The concept of “value capture” surfaces as a possible path to more equitable growth.
QUITO—The United Nations global cities summit, Habitat III, began with long security lines under a bright Andes sun, and ended in song. The musical group Nick Horner Family performed “City of Dreams” on the final day of the conference that drew some 40,000 participants. A little more than an hour before, the New Urban Agenda—a manifesto intended to guide the future growth of cities worldwide—was officially adopted.
But as attendees flock to the airport to go home, what actually was accomplished? What happens now?
Among the many takeaways, Habitat III may very well have given birth to a land use revolution. Many participants, as well as the president of Ecuador, are calling into question the historic financial model of city-building, where government provides the streets and other infrastructure, and private landowners and developers take it from there. In the process, one of the hottest topics at the summit has emerged with unlikely celebrity: value capture, where the private sector must acknowledge that an array of government actions—from a zoning change to putting in a light rail line—prompt huge increases in property value.
Ecuador President Rafael Vicente Correa Delgado, an economist by training, started the bidding early on at the conference by proposing legislation to curb real estate speculation. If a landowner purchases a plot of land for $100, and sells it five years later for $500, he or she would only be able to realize a 7.5 percent price appreciation under Correa’s proposal; the rest would essentially be confiscated by the government. You can think of it as a more extreme version of President Obama’s admonition that “you didn’t build that”—that the bulk of increases in value, plusvalía in Spanish, are the result of public investments framing the land, and thus should be recaptured.
Correa’s concept is not actually a pure version of value capture.
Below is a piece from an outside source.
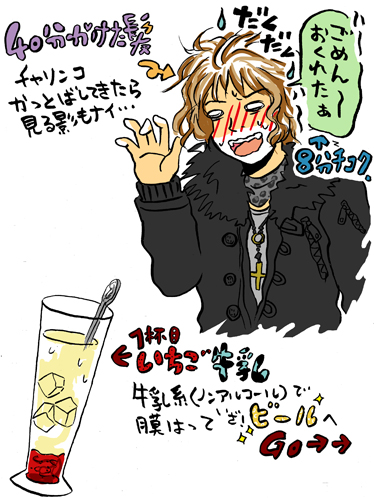 いや、イラストじゃ伝わんないケド雨の湿気と自転車爆走でウェーブは伸びきるしそのくせ広がりまくって悲惨だったよ;

Elsewhere in Latin America, land-based financing mechanisms takes other forms, such as “betterment contributions” or developer exactions providing funds for urban development at the front end. In São Paulo, Brazil, landowners begin with a floor-area-ratio of 1. If they want to build anything more, they must purchase certificates traded on the stock market.
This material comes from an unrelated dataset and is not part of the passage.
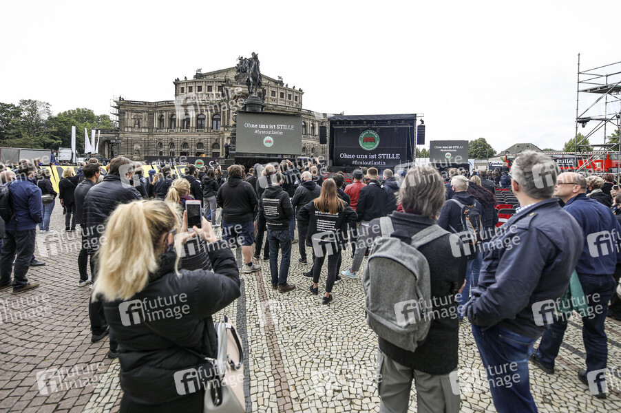 Demonstration 'Ohne uns ist Stille' der Organisation 'Leere Stühle' auf dem Theaterplatz in der historischen Dresdner Altstadt. Künstler, Veranstalter und Unternehmen der Veranstaltungsbranche wie Caterer und Techniker demonstrieren gemeinsem, um auf die Probleme und Wichtigkeit ihrer Branche aufmerksam zu machen. Dredsen, 05.06.2020

In yet another form of value capture, government may increase the building envelope in growth areas in return for more affordable housing provided by developers—a version of the “density bonus” that has been deployed in the United States. But otherwise the concept is the same: when government sets zoning that will ultimately benefit the private sector, the private sector must give something back.
Value capture has a long history, going back to Roman times in the construction of infrastructure such as aqueducts. The framework was in place in the Philippines in the colonial era as far back as the 16th century, and was inherent in redevelopment plans for Paris in the 19th century. The 19th century political economist Henry George, who advocated a single tax on land or land value tax, spelled out how real estate owners were enjoying a windfall by being smart or lucky enough to purchase land near a train station, for example.
Today, value capture is in relatively wide use in Latin America, Asia, and Europe, and is beginning to gain traction in the United States. Transportation officials in Massachusetts, confronting cost overruns in the extension of the Green Line through Somerville, have floated the idea of having the private sector pay for new stations along the new corridor, recognizing that transit-oriented development will be enormously profitable. Land is already more valuable along the route of the line, in many cases in industrial areas that have been rezoned for mixed-use development.
In Dallas-Fort Worth, the proposed rail line known as the Cotton Belt is predicated on a similar framework: that private development benefitting from the infrastructure should contribute to the public works in the first place. Australia is also wading into these waters, with the prime minister calling for a gear change in how major urban infrastructure is financed.
A backlash to all of this has already begun, starting with a critique that value capture is a new kind of tax on private landowners and developers. Complex questions about property rights are also being raised—what it means to own land, a commodity in fixed supply.
But it was striking how often value capture came up in the sessions of Habitat III. In a way it’s no surprise. The basic premise of the conference was how global cities can accommodate huge increases in population in the coming decades. In the current paradigm, downtowns are densifying, while unplanned and irregular growth sprawls out at the periphery. There’s a clear need for infrastructure, housing, and amenities such as parks and open spaces in these growth areas, but the question is how to pay for all of those things. Local governments are charged with the responsibility, but don’t have many options. In most cases, cities are severely constrained by national governments on how they can raise revenues.
The concept of value capture is embedded in the New Urban Agenda, and UN-Habitat executive director Joan Clos sprinkled in references to it in his many official remarks, including at a press conference on how the media covers Habitat III issues. He called on journalists to explain how urban planning and urban design increases property values in the process of urbanization. “Who is explaining that?” he said.
Does it sound a bit radical, to change the paradigm of urban development going forward? It’s not revolutionary enough for some, who led protests outside Habitat III and organized parallel alternative gatherings urging more action to improve conditions for the urban poor. Amid the camouflage fatigues and cocked berets of the soldiers around this city, and the progressive impulses of the Latin America region, the concept of value capture may be the most conservative revolution in city-building at hand.